*WORK INSTRUCTIONS*. Transcribe the listing below word for word but skip its images.

*DATA*.
↓↓↓

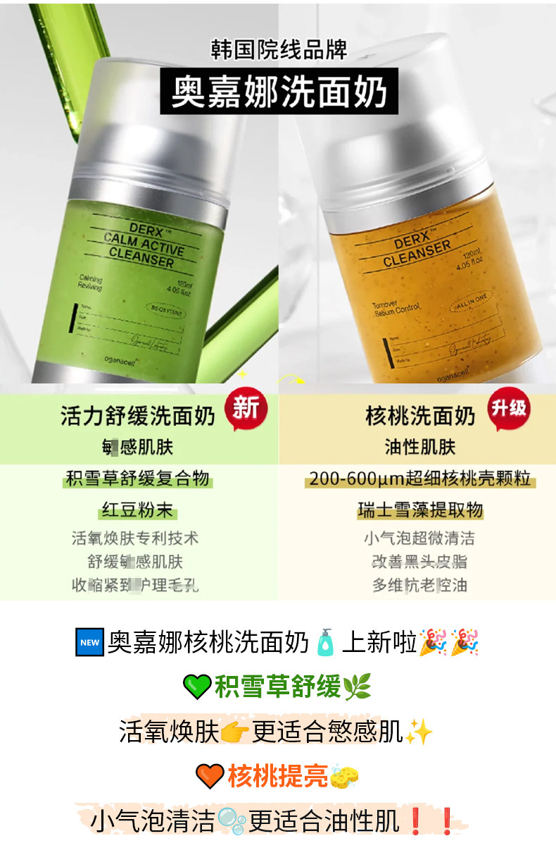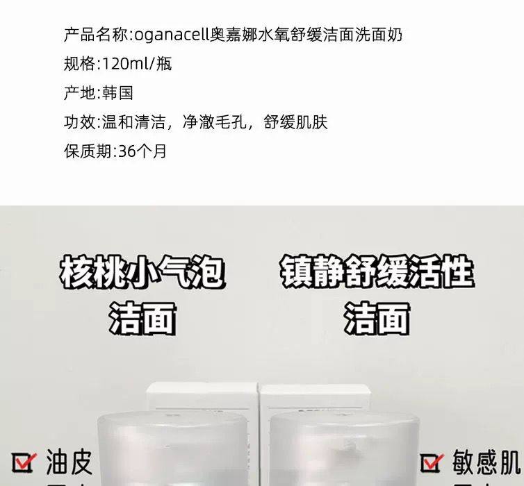 韩国oganacell奥嘉娜核桃洁面小气泡洗面奶120ML 多肽氨基酸控油温和女
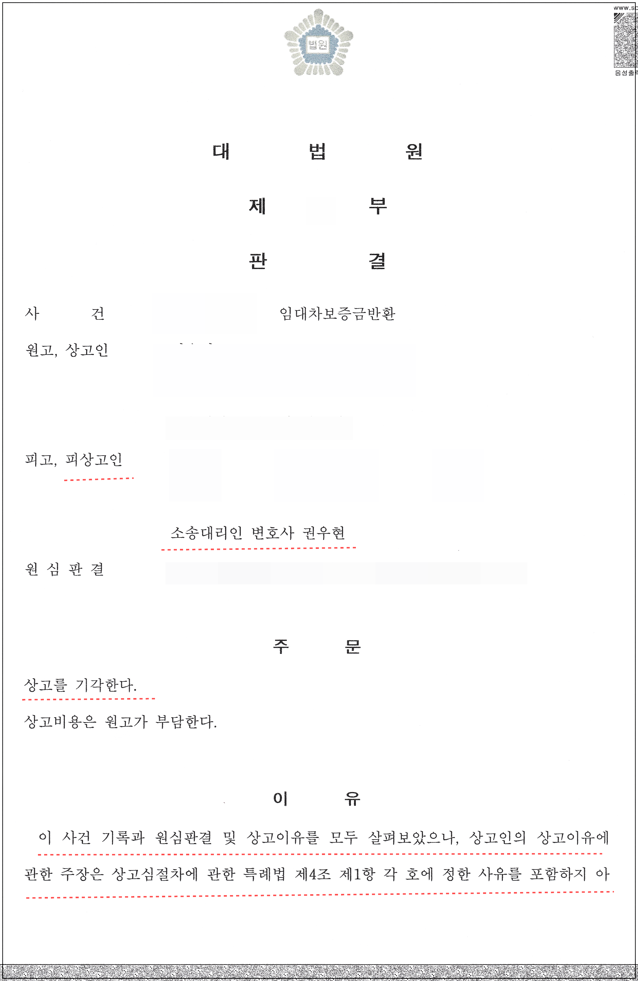 상고심은 하급심이 사실임인 것과는 달리 법률심이므로 원심판결의 법적하자를 아주 잘 정리하여 상고이유서에 담아야 합니다. 그런데 상고대리인들이 이를 잘 이해하지 못하거나 노력의 부족으로 사실심의 준비서면처럼 상고이유서를 적는 경우가 많은데 이 경우 상고기각을 각오해야 하며, 설령 법적인 하자를 주장하더라도 잘 요약해서 정말 알아보기 쉽게 정리하지 않으면 법적인 하자주장이 없는 것으로 치부되어 아래 판결서 기재와 같이 단 몇줄로서 기각이유를 받을 수 밖에 없습니다.
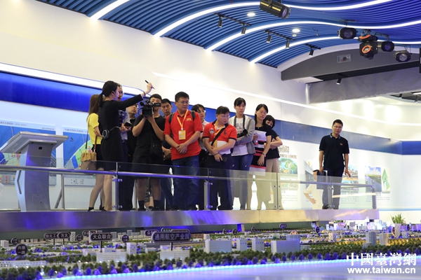 兩岸記者來到寧波杭州灣新區(qū)城市展覽館參觀。(中國臺灣網 李奕均 攝)

↑↑↑

*EXERCISE SOLUTION*.
 韩国oganacell奥嘉娜核桃洁面小气泡洗面奶120ML 多肽氨基酸控油温和女
 상고심은 하급심이 사실임인 것과는 달리 법률심이므로 원심판결의 법적하자를 아주 잘 정리하여 상고이유서에 담아야 합니다. 그런데 상고대리인들이 이를 잘 이해하지 못하거나 노력의 부족으로 사실심의 준비서면처럼 상고이유서를 적는 경우가 많은데 이 경우 상고기각을 각오해야 하며, 설령 법적인 하자를 주장하더라도 잘 요약해서 정말 알아보기 쉽게 정리하지 않으면 법적인 하자주장이 없는 것으로 치부되어 아래 판결서 기재와 같이 단 몇줄로서 기각이유를 받을 수 밖에 없습니다.
 兩岸記者來到寧波杭州灣新區(qū)城市展覽館參觀。(中國臺灣網 李奕均 攝)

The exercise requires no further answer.